__Exercise goal__:
Type out the whole listing again exactly, pictures omitted.
# # # #
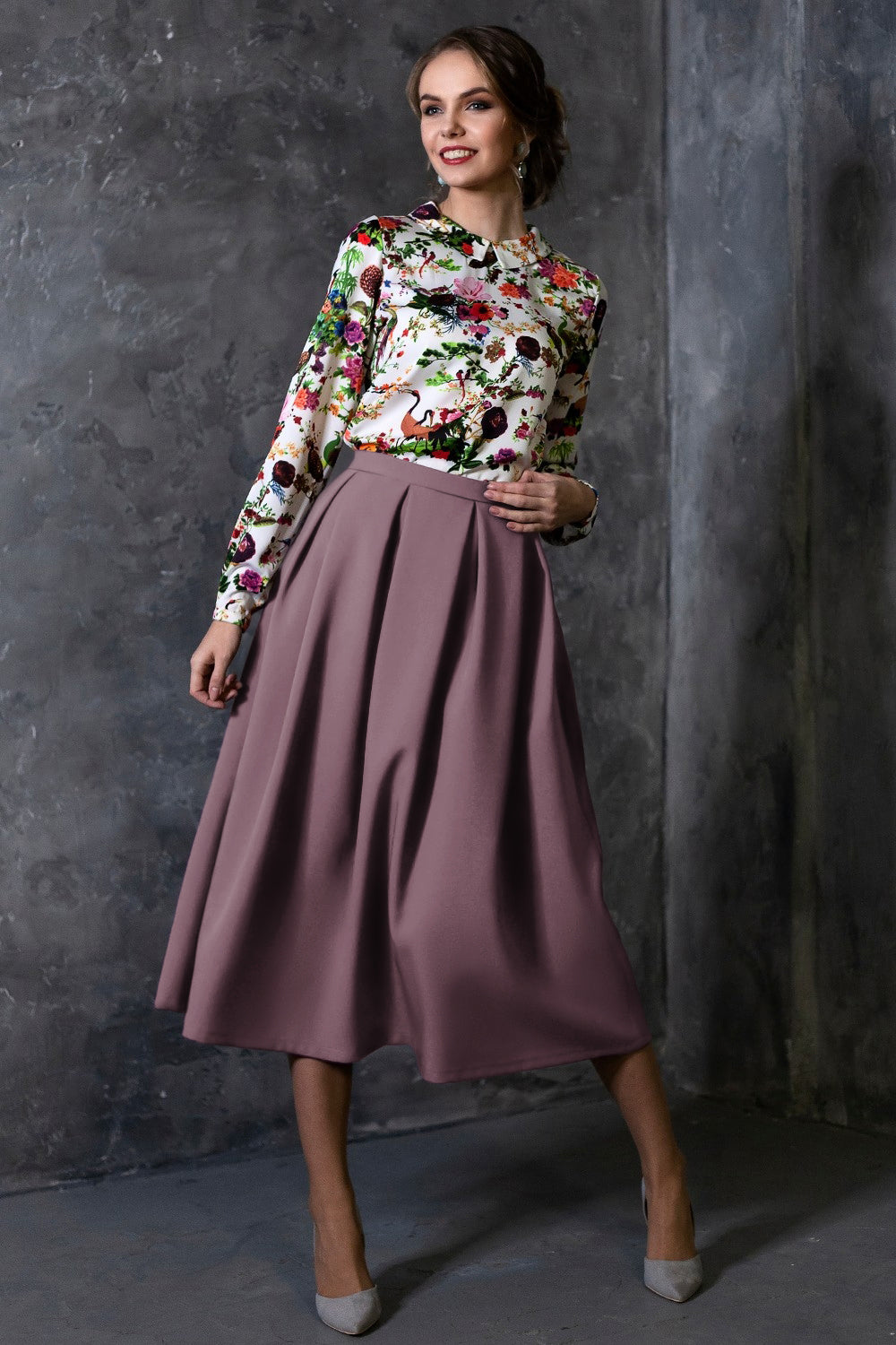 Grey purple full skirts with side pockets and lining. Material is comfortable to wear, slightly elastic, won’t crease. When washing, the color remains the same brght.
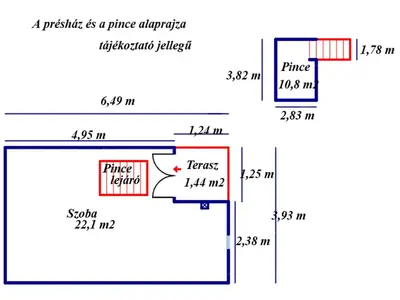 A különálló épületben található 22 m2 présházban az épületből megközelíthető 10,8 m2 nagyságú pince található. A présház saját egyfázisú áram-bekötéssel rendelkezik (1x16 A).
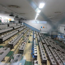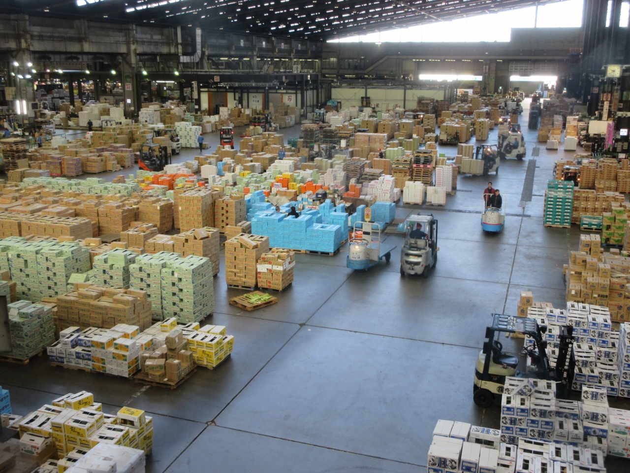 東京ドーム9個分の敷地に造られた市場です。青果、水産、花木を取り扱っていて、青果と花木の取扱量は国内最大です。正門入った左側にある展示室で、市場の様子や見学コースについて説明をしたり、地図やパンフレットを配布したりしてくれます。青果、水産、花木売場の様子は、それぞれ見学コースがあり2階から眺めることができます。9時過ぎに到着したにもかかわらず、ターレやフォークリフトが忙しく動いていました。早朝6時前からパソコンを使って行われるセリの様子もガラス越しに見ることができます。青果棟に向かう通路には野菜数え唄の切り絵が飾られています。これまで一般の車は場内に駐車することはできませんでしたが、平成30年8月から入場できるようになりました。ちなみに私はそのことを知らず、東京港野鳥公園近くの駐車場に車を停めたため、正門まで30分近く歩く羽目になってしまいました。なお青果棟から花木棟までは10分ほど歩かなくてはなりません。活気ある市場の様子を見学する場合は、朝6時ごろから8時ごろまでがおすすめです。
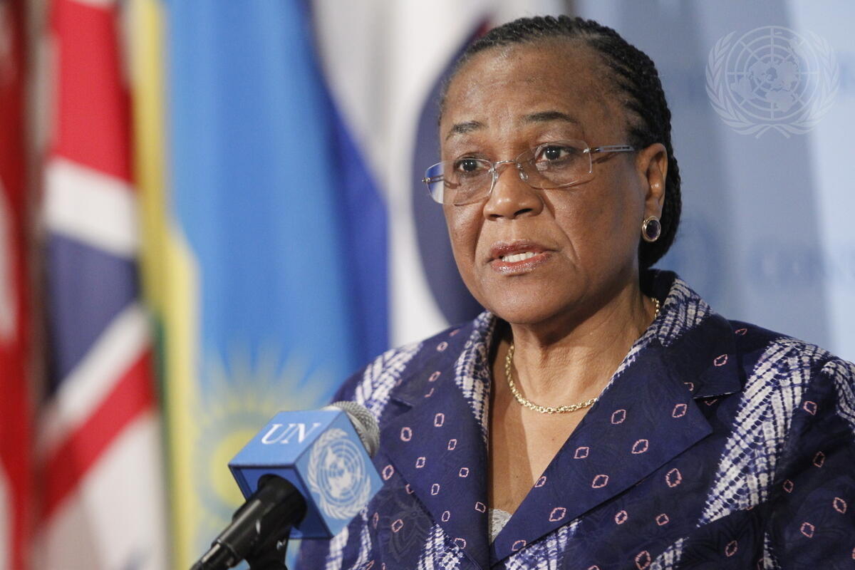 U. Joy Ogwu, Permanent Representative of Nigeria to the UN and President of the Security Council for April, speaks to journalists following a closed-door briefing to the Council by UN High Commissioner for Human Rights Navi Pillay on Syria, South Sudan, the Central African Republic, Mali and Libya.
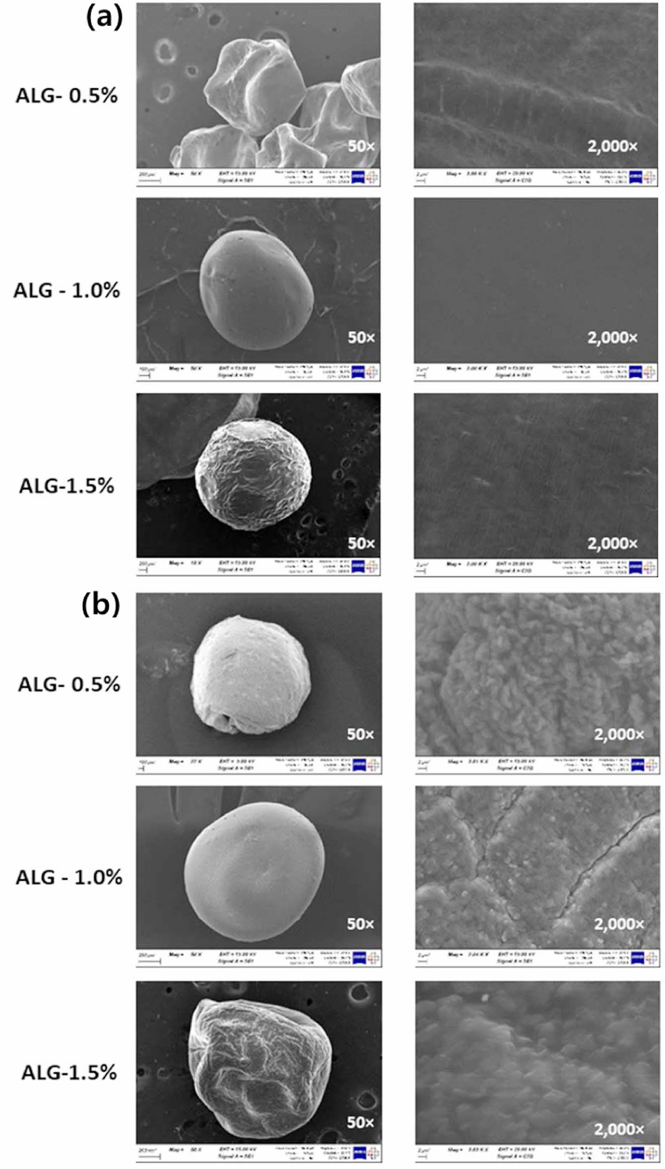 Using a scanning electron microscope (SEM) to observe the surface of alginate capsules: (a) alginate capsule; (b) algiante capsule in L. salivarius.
# # # #
__Your response__:
 Grey purple full skirts with side pockets and lining. Material is comfortable to wear, slightly elastic, won’t crease. When washing, the color remains the same brght.
 A különálló épületben található 22 m2 présházban az épületből megközelíthető 10,8 m2 nagyságú pince található. A présház saját egyfázisú áram-bekötéssel rendelkezik (1x16 A).
 東京ドーム9個分の敷地に造られた市場です。青果、水産、花木を取り扱っていて、青果と花木の取扱量は国内最大です。正門入った左側にある展示室で、市場の様子や見学コースについて説明をしたり、地図やパンフレットを配布したりしてくれます。青果、水産、花木売場の様子は、それぞれ見学コースがあり2階から眺めることができます。9時過ぎに到着したにもかかわらず、ターレやフォークリフトが忙しく動いていました。早朝6時前からパソコンを使って行われるセリの様子もガラス越しに見ることができます。青果棟に向かう通路には野菜数え唄の切り絵が飾られています。これまで一般の車は場内に駐車することはできませんでしたが、平成30年8月から入場できるようになりました。ちなみに私はそのことを知らず、東京港野鳥公園近くの駐車場に車を停めたため、正門まで30分近く歩く羽目になってしまいました。なお青果棟から花木棟までは10分ほど歩かなくてはなりません。活気ある市場の様子を見学する場合は、朝6時ごろから8時ごろまでがおすすめです。
 U. Joy Ogwu, Permanent Representative of Nigeria to the UN and President of the Security Council for April, speaks to journalists following a closed-door briefing to the Council by UN High Commissioner for Human Rights Navi Pillay on Syria, South Sudan, the Central African Republic, Mali and Libya.
 Using a scanning electron microscope (SEM) to observe the surface of alginate capsules: (a) alginate capsule; (b) algiante capsule in L. salivarius.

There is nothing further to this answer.